Ned dropped David off at Grand Central Station. David bought a ticket home. He sat at the bar for a quick glass of wine and looked around the magnificent structure, the quiet swirl of tired suburbanites making their way back to places like New Rochelle, Putnam and Pleasant Valley, hardly noticing the beauty and the history of their surroundings.
So, he had lived long enough to be a grandfather. Funny, how it felt ― different from what he might have imagined ― more like a second chance, like one prideful moment that would last a lifetime.
He thought of them all, his theater friends, each so damn wounded, each so near a healing he could taste their new skin. He thought of all the open tomorrows they promised to fill, all the new loyalties they vowed to respect. And then, there was Faith, much lighter than any of them, and yet, more solid. The feisty five had known their days of passion. Their mangled psyches once tormented by so much drama — melodramas that had finally given way to children, modern technologies, enormous responsibilities, the deaths of too many nice guys, and the emergence of a world they’d created for people like Faith.

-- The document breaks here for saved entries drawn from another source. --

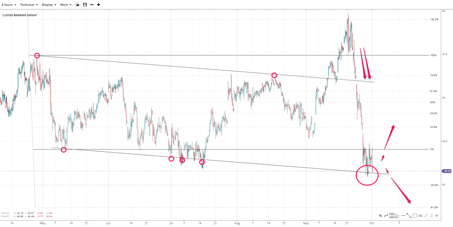Lloyds extended to 50.00 before a U-turn down to 40.80, where it met support. The 38.2% inverse Fibonacci of 42.00-47.50 at 40.00 is critical support. If lost, the 61.80% equivalent near 38.70 comes into focus. Otherwise, the channel bottom might hold, sending prices above 42.00 for a potential rally to the 43.30 and 44.00 Fibonaccis.
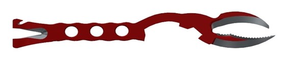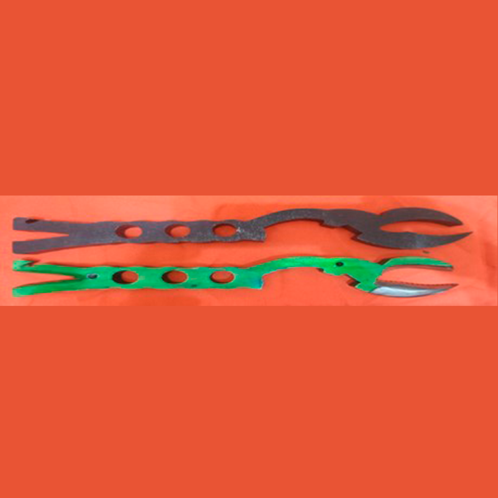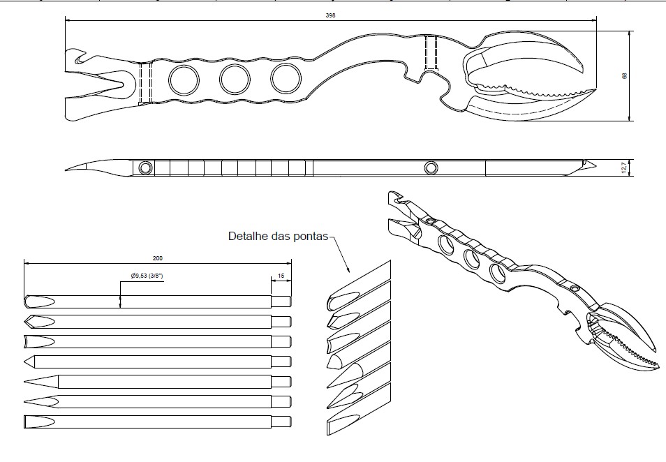 Com porte ergonomicamente desenhado por 1º Sgt° Bombeiro Militar Salem, visto que, ela tem um excelente porte, peso leve, dimensões proporcionais para as operações em pequenos espaços, com sistemas de alavanca tipo o pé de cabra, pequenos cortes, extrator de parafuso, cadeados, pregos, arames, pequenos vergalhões, arrombamentos diversos e entradas e saídas forçadas (portas, janelas, portões, grades, telas, telhados, paredes com qualquer tipo de estrutura). Na garra tipo lagosta ela tem sua parte de ponta aguda, fura, rasga latarias automotivas bem como, abrir acessos em janelas de veículos furando pneus para estabilização veicular, abertura porta-malas, abre acesso para máquina de vidro e fechaduras, tampa de motor, acesso a tanque combustíveis, funcionando como um cutelo, uma pequena machadinha e martelo. Na garra possui na parte inferior (externamente 100mm de lâmina) uma serra na parte interna, e parte superior uma lâmina de 80mm afiada funcionando como um abridor de latas de médio porte. Possui os orifícios de 20 mm proporcionando vários tipos de amarrações em emergências podendo fixar cabos de salvamento por uma rápida descida em quaisquer situações. Uma chave de mangueira de 1.1/2 e 2.1/2 polegadas. Possui 04 (quatro) orifícios de 8 mm com rosca que permitirá a fixação de ponteiros/talhadeiras.
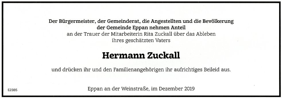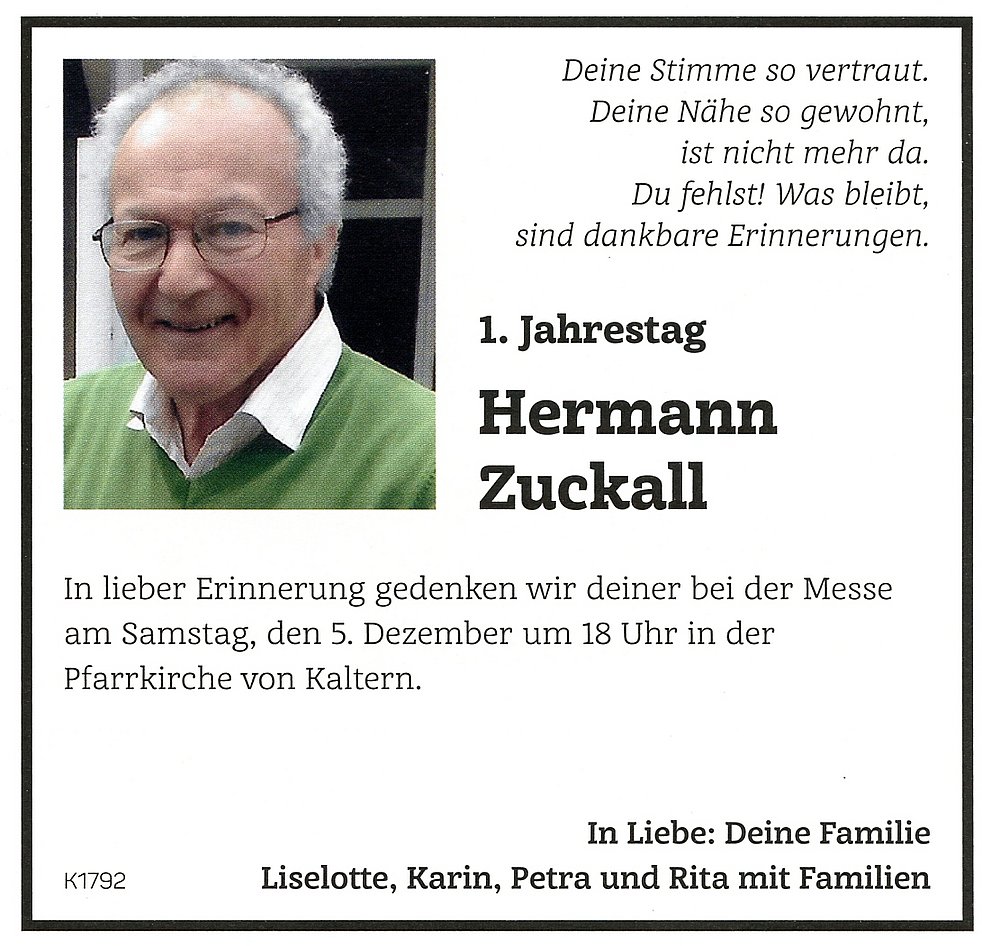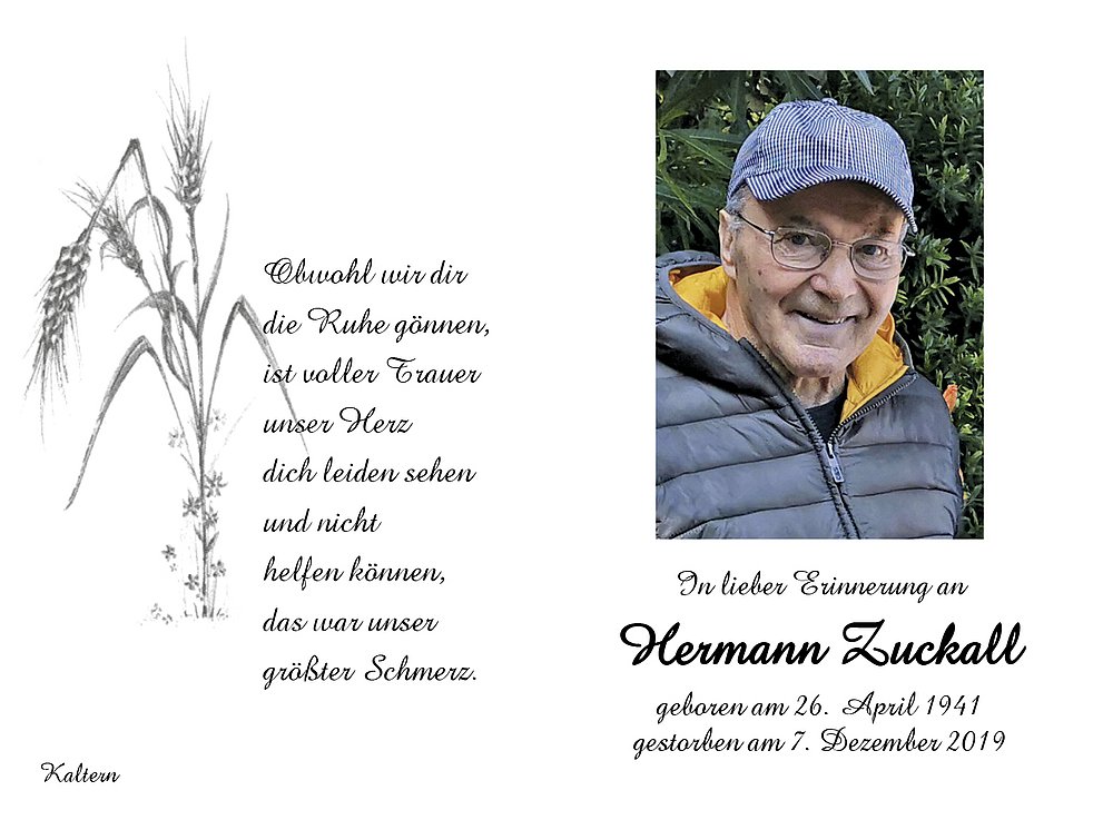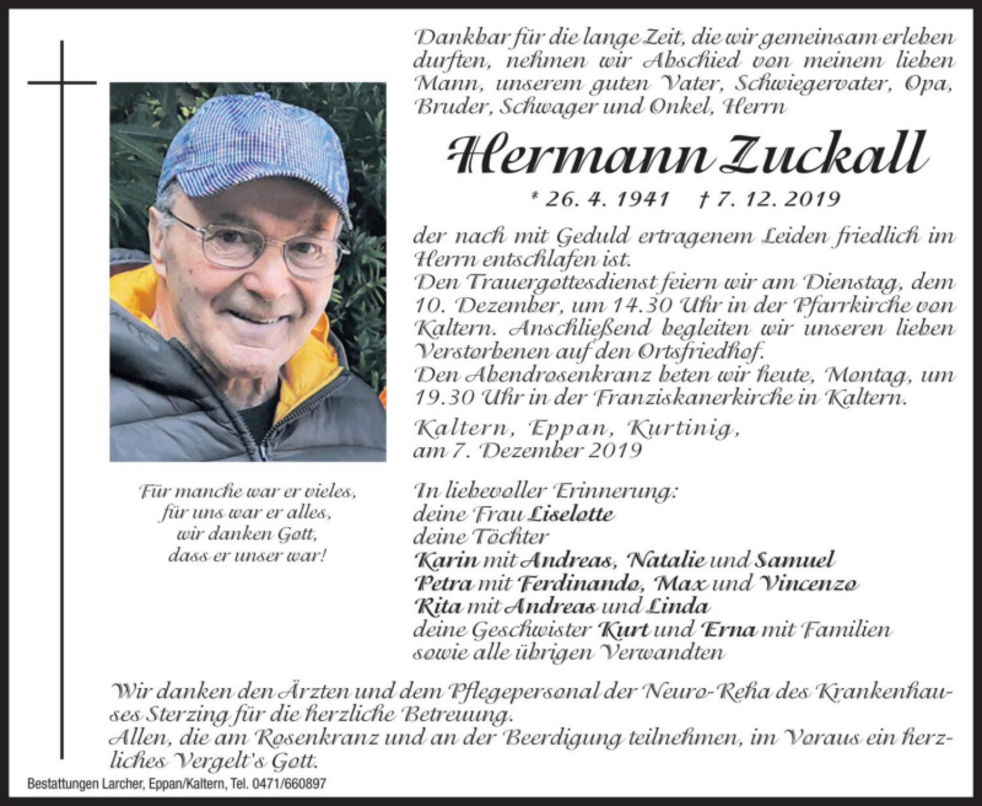 Den Trauergottesdienst feiern wir am Dienstag, dem 10. Dezember, um 14.30 Uhr in der Pfarrkirche von Kaltern. Anschließend begleiten wir unseren lieben Verstorbenen auf den Ortsfriedhof.

“Time to move on,” he whispered and boarded his train.
The taxi turned up Salamander Drive. The streets were deserted and dark. David was slumped down in the back of the cab, his shoulders still raw and his head still achy. He reached in his inside pocket for his wallet as the taxi moved close to his store, and stopped just shy of his doorway. He looked up. It was then he noticed that the lights in his small apartment were on. He sat forward. Silhouetted in his window was the image of a woman; her eyes, he surmised, were on the street below, and her heart, he knew, was welcoming.
“Lauren?” he whispered as he ran breathlessly up the stairs.
She grimaced when she saw his appearance. “Ouch,” she said.
He fell to his knees. “Lauren?”
“I hope you don’t mind, I put the boys to bed in the bedroom and used the key you gave Faith.” She laughed. “I was hoping you’d be alone. If you weren’t, I don’t know what I would have done.”
He looked up at her. “I am terribly alone.”
“I have missed you,” she whispered as she came to him, placing her hands through his hair. “Oh, David, I want to be with you,” she said as she knelt beside him. “That's the conclusion I’ve come to. I’m sorry it’s taken me this long.”
“Do you trust me?” he asked.
“Do you understand why I had to take the time?”
“She was a victim of child abuse. I never knew. I’m so sorry,” he whispered as he moved the hair from her eyes.
“I was angry that you didn’t raise her, angry that Faith was subjected to Josh. I had to come to terms with it, had to forgive you for it. I had to try and understand.”
“Please don’t leave me again,” he whispered.
“Never,” she whispered back, as she unbuttoned his shirt. They fell to the floor, gently consumed by something so much greater than the quick, but nonetheless, intense release of their passion.